Determining beta-sheet crystallinity in fibrous proteins by thermal analysis and infrared spectroscopy

We report a study of self-assembled beta-pleated sheets in B. mori silk fibroin films using thermal analysis and infrared spectroscopy. B. mori silk fibroin may stand as an exemplar of fibrous proteins containing crystalline beta-sheets. Materials were prepared from concentrated solutions (2-5 wt % fibroin in water) and then dried to achieve a less ordered state without beta-sheets. Crystallization of beta-pleated sheets was effected either by heating the films above the glass transition temperature (T _g) and holding isothermally or by exposure to methanol. The fractions of secondary structural components including random coils, alpha-helices, beta-pleated sheets, turns, and side chains were evaluated using Fourier self-deconvolution (PSD) of the infrared absorbance spectra. The silk fibroin films were studied thermally using temperature-modulated differential scanning calorimetry (TMDSC) to obtain the reversing heat capacity. The increment of the reversing heat capacity ΔC _p0(T _g) at the glass transition for the less ordered, noncrystalline, silk fibroin is found to be 0.478 ± 0.005 J/(g K). As crystalline beta-sheets form, the heat capacity increment at T _g is systematically decreased.
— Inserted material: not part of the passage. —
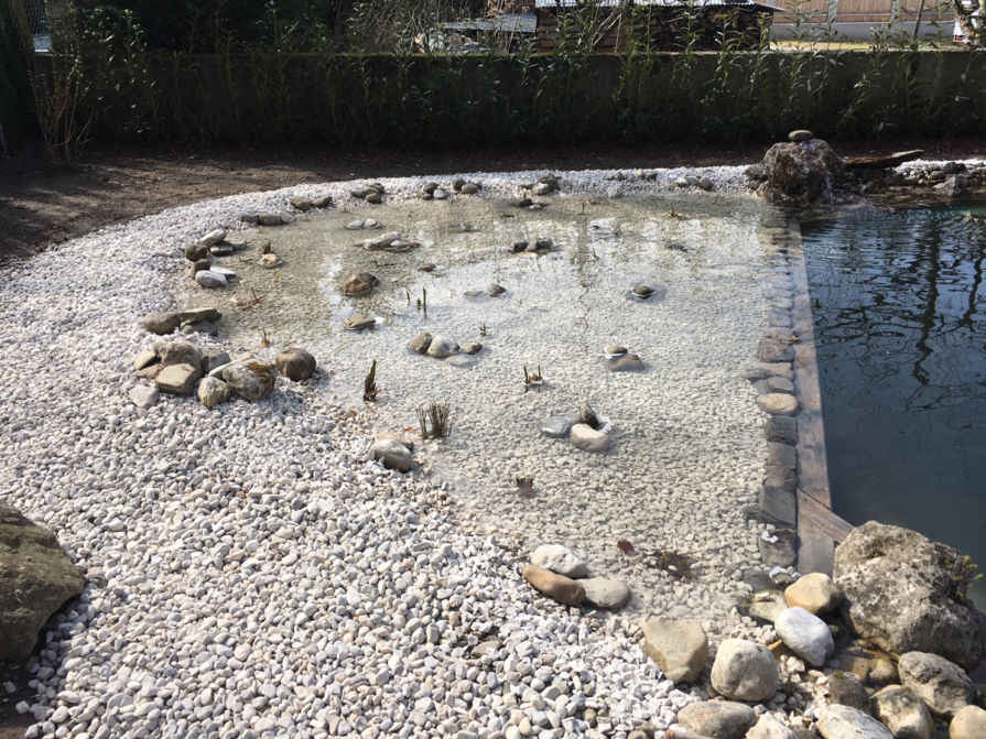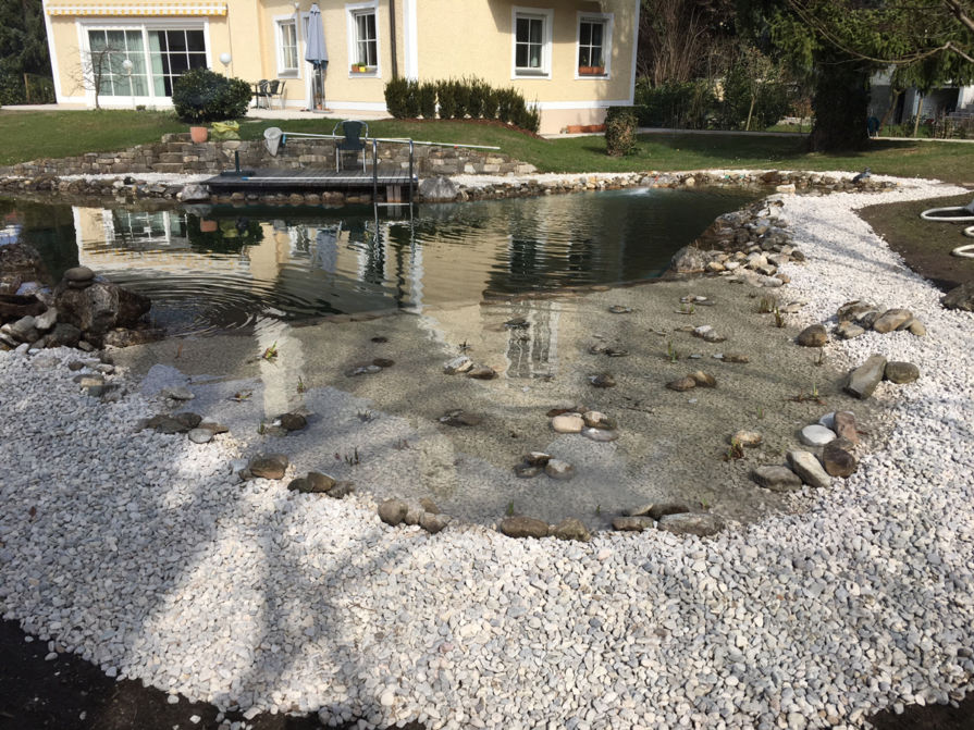 Bei diesem Projekt wurde die Biofilterzone eines Teiches erneuert. Dabei wurde Filterkies in verschiedenen Körnungen und einzelnen Schichten eingebracht. Um die Filterleistung zu verbessern wurde zusätzlich Zeolit, ein Granulat das Schadstoffe bindet, verwendet.

We find that the heat capacity increment from the TMDSC trace is linearly well correlated (negatively) with beta-sheet content φ _C determined from FSD, yielding ΔC _p = 0.475-0.494φ _C. The correlation allows the beta-sheet content to be determined from a direct measurement of the heat capacity increment at T _g. This type of analysis can serve as an alternative to X-ray methods and may have wide applicability to other crystalline beta-sheet forming proteins.